Detailed Description

Complete technical specification and implementation details from the patent document.

The application is continuation of U.S. patent application Ser. No. 18/103,257, filed Jan. 30, 2023, the disclosure of which is hereby incorporated by reference herein in its entirety.

The present disclosure is directed to methods and systems that can monitor a user's body language on a video conference. In particular, the present disclosure includes methods and systems for informing and prompting the user to correct body language in the case of inappropriate body language.

Video conferencing or online meeting platforms, such as Zoom, Teams, WebEx, etc., have gained popularity since 2020, especially for business meetings, professional conferences, online instructions, etc. Yet, online meetings often feel less connected than in-person meetings, mostly due to the role body language plays in communication. While online meetings might seem more relaxed, human behavior is not. Behavioral science suggests that the people we are interacting with still evaluate us and make subconscious, snap judgments using the limited body language captured by the camera. This easily causes misunderstandings and distractions and may even drive the meeting in the wrong direction, potentially jeopardizing critical scenarios such as business negotiations.

The importance of a given business meeting makes it imperative to use professional body language during online meetings. However, it is often very difficult, or impossible, for most people to consciously watch themselves during a meeting. Even if they are able to do so, this behavior by itself is inappropriate body language, making things worse.

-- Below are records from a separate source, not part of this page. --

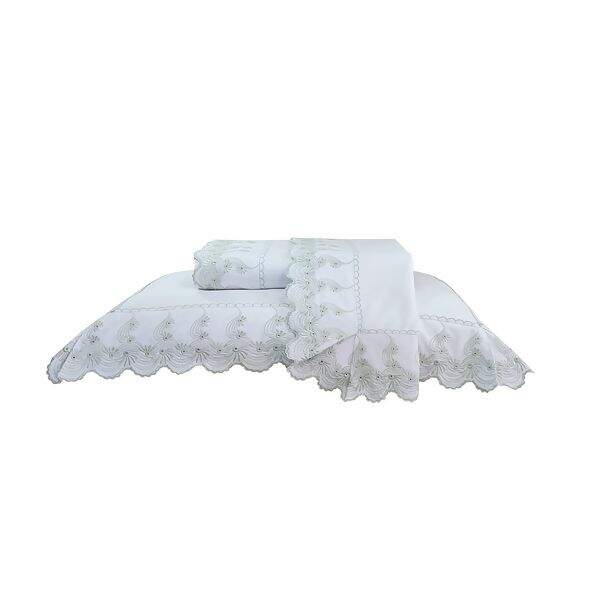 O jogo de lençol Analiza é produzido em 100% algodão 200 fios e conta com tira ricamente bordada que é a especialidade da Marken Fassi. Além do toque macio e suave, sua beleza se realça, pois, conta com duas fronhas bordadas em três abas, um maravilhoso lençol acetinado com elástico e um virol ricamente bordado.
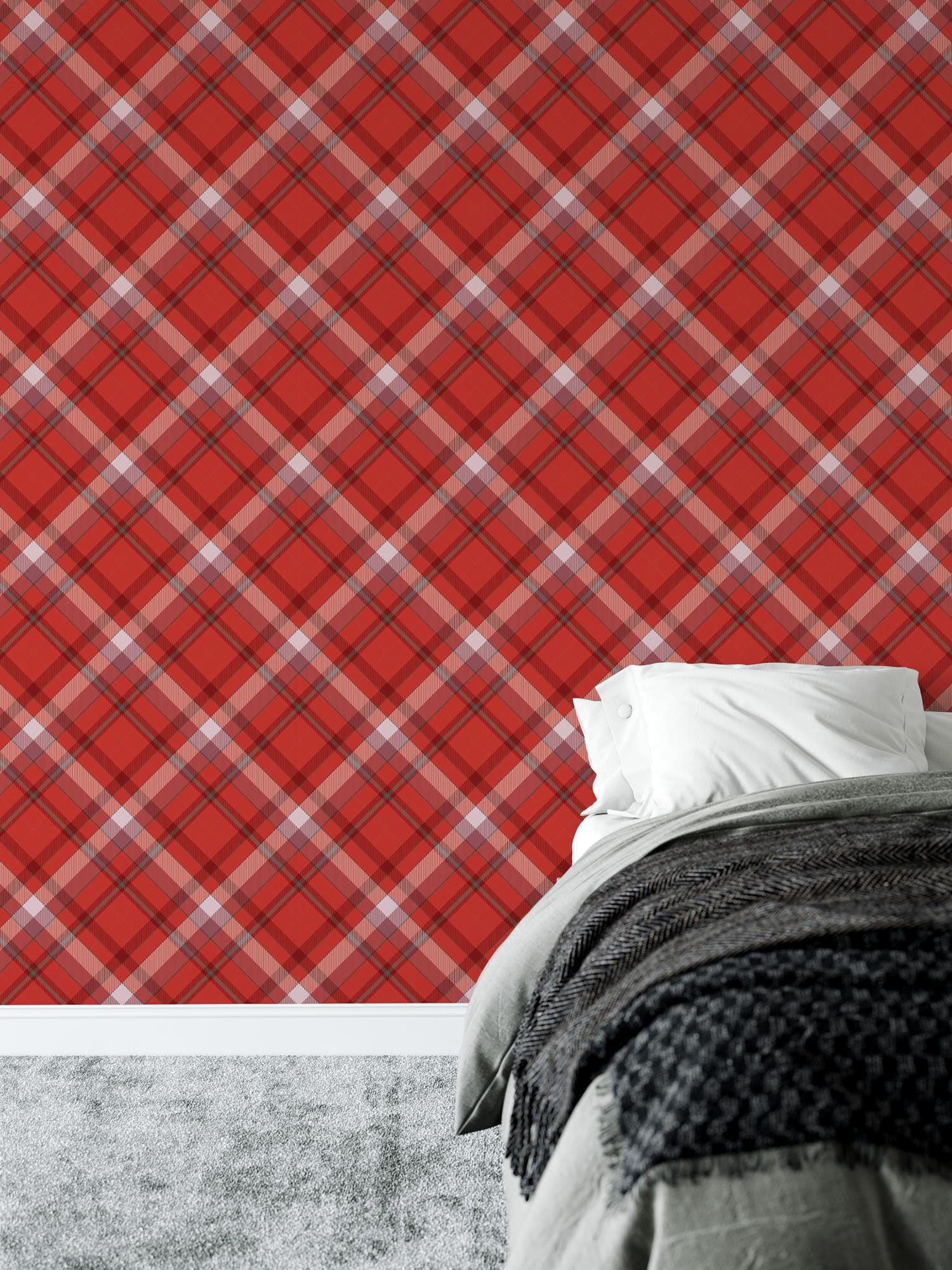 Plaid Christmas Red Plaid Removable Wallpaper, Wall Art, Peel and Stick Wallpaper, Wall Mural, Nursery, Room Decor, Accent, MW1643
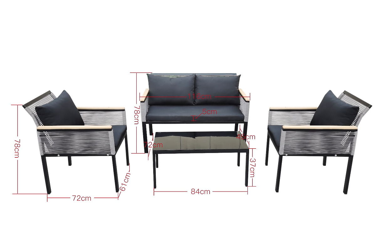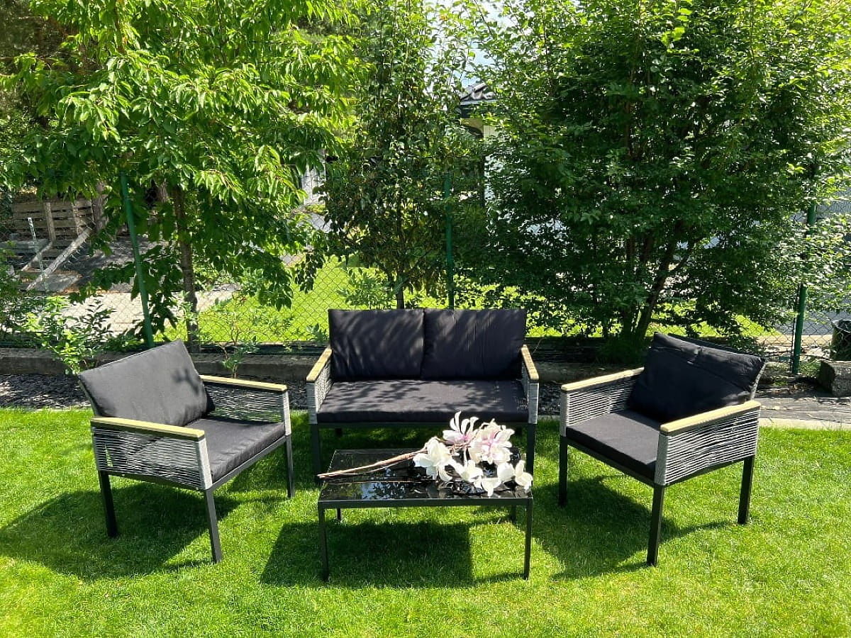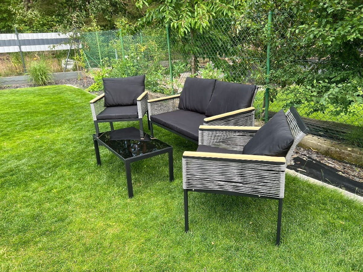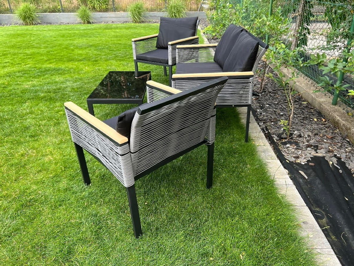 Cet ensemble de mobilier est la quintessence du confort et du design, une invitation à créer une oasis de tranquillité unique dans votre jardin, sur votre terrasse ou balcon. C'est le choix parfait pour ceux qui souhaitent transformer leur espace extérieur en chef-d'œuvre de fonctionnalité et d'esthétique. Cet ensemble extrêmement original, caractérisé par un format compact, s'adapte parfaitement même aux coins les plus confortables. Fabriqué en aluminium, résistant aux caprices du temps, garantissant sa durabilité phénoménale et son éclat impeccable pendant de nombreuses années. Si vous rêvez d'une combinaison parfaite d'élégance, de fiabilité et de relaxation profonde en plein air, cet ensemble est un coup de maître. Il deviendra une icône de style pour votre aménagement extérieur, l'illuminant d'un caractère unique et invitant à des moments de détente sans fin. Couleur de l'ensemble CORTO : noir, tissage uniforme : rotin synthétique rond Structure du mobilier : aluminium (nécessite un assemblage simple) Accoudoirs finis en polywood L'ensemble se compose de 4 éléments (après assemblage) : 2 x fauteuil : largeur : 61 cm profondeur : 72 cm hauteur : 78 cm 1 x canapé : largeur : 116 cm profondeur : 72 cm hauteur : 78 cm 1 x table (plateau en polywood) : longueur : 84 cm largeur : 45 cm hauteur : 37 cm Coussins noirs inclus dans l'ensemble (3 pour les assises, 4 pour les dossiers). Tous ont des housses amovibles avec fermeture éclair, fabriquées en matériau extérieur (100% polyester), lavables à basse température. Les housses de coussin sont confectionnées en tissu de haute qualité enduit de téflon, les protégeant de l'humidité. Le rembourrage des coussins est en mousse de rembourrage de haute qualité (dureté moyenne - T25), empêchant les déformations. Épaisseur des coussins : 5 cm Possibilité de confectionner des coussins sur commande individuelle pour cet ensemble : https://www.bg-meble.pl/pl/p/Usluga-Krawiecka-Poduszki-Na-Zamowienie-/742 Possibilité de confectionner des housses de coussin sur commande individuelle pour cet ensemble : https://www.bg-meble.pl/pl/p/Usluga-Krawiecka-Poszewki-Na-Zamowienie/743 Possibilité de commander uniquement l'ensemble complet. Ensemble à monter soi-même selon les instructions fournies. Un ensemble complet de vis et clés est inclus. Le rotin synthétique est résistant aux influences néfastes du temps, mais pour préserver encore plus longtemps l'apparence inchangée du mobilier, nous recommandons l'achat d'une housse de protection. La housse de couleur gris foncé est d'une seule pièce et possède un cordon de serrage en bas, passé à travers des œillets métalliques. Toutes les housses sont fabriquées sur mesure et le délai de réalisation est d'environ 14 jours ouvrables. Imaginez un mobilier de jardin qui dépasse vos attentes à tous égards – de la durabilité au design. Voici BELLO GIARDINO, où chaque détail compte et où le luxe rencontre la fonctionnalité : Qualité intemporelle : Notre rotin synthétique garantit que le mobilier durera des années sans perdre de sa beauté ou de sa durabilité. Résistance aux intempéries : Notre mobilier résiste aux conditions météorologiques les plus exigeantes, du soleil brûlant aux hivers glacials, restant toujours beau. Confort luxueux : Des coussins épais et doux invitent à la détente, offrant un confort difficile à trouver ailleurs. Légèreté et solidité : La structure en aluminium combine le meilleur des deux mondes – elle est légère, mais extrêmement stable. Design captivant : Chaque élément de notre mobilier a été conçu avec une attention à l'esthétique et à la fonctionnalité, pour s'adapter à tout environnement. Que vous soyez amateur de minimalisme ou que vous appréciez les arrangements riches et élégants, notre mobilier répondra à vos attentes, dépassant les limites de la simple fonctionnalité et esthétique. Nous garantissons que même les clients les plus exigeants ne résisteront pas au confort et au style offerts par BELLO GIARDINO. Transformez votre jardin, terrasse ou balcon en une oasis de détente et d'élégance que vous avez toujours souhaitée. N'attendez plus, découvrez BELLO GIARDINO dès aujourd'hui et transformez vos espaces extérieurs en lieux dont vous avez toujours rêvé.

Fortunately, this has been a well-studied area in social and behavioral science and there are a handful of science-based rules that will help online meetings. For example, body language is far more useful than facial expressions in interpreting a person's emotional state. The camera should see more than just a user's face, ideally it should cover shoulders, arms, and hands. Also, good posture conveys an assertive attitude and confidence. Eyes should look forward to the camera, without staring. Smiling and nodding shows understanding. Arms should not lift above shoulders. Leaning slightly forward emphasizes a point. Knees and toes are invisible, but viewers can tell how a user is sitting even by video and so these body parts should face forward. Body language should also be consistent with other people in the meeting, that is, one should not overreact. This shows a person is listening and understanding. Hand gestures are effective to show passion and emotion. Fidgeting can be distracting and hands should be still when not used. Crossing arms can makes an individual appear unapproachable. Face-touching behaviors can show nervousness, insecurity, incompetence, and even dishonesty.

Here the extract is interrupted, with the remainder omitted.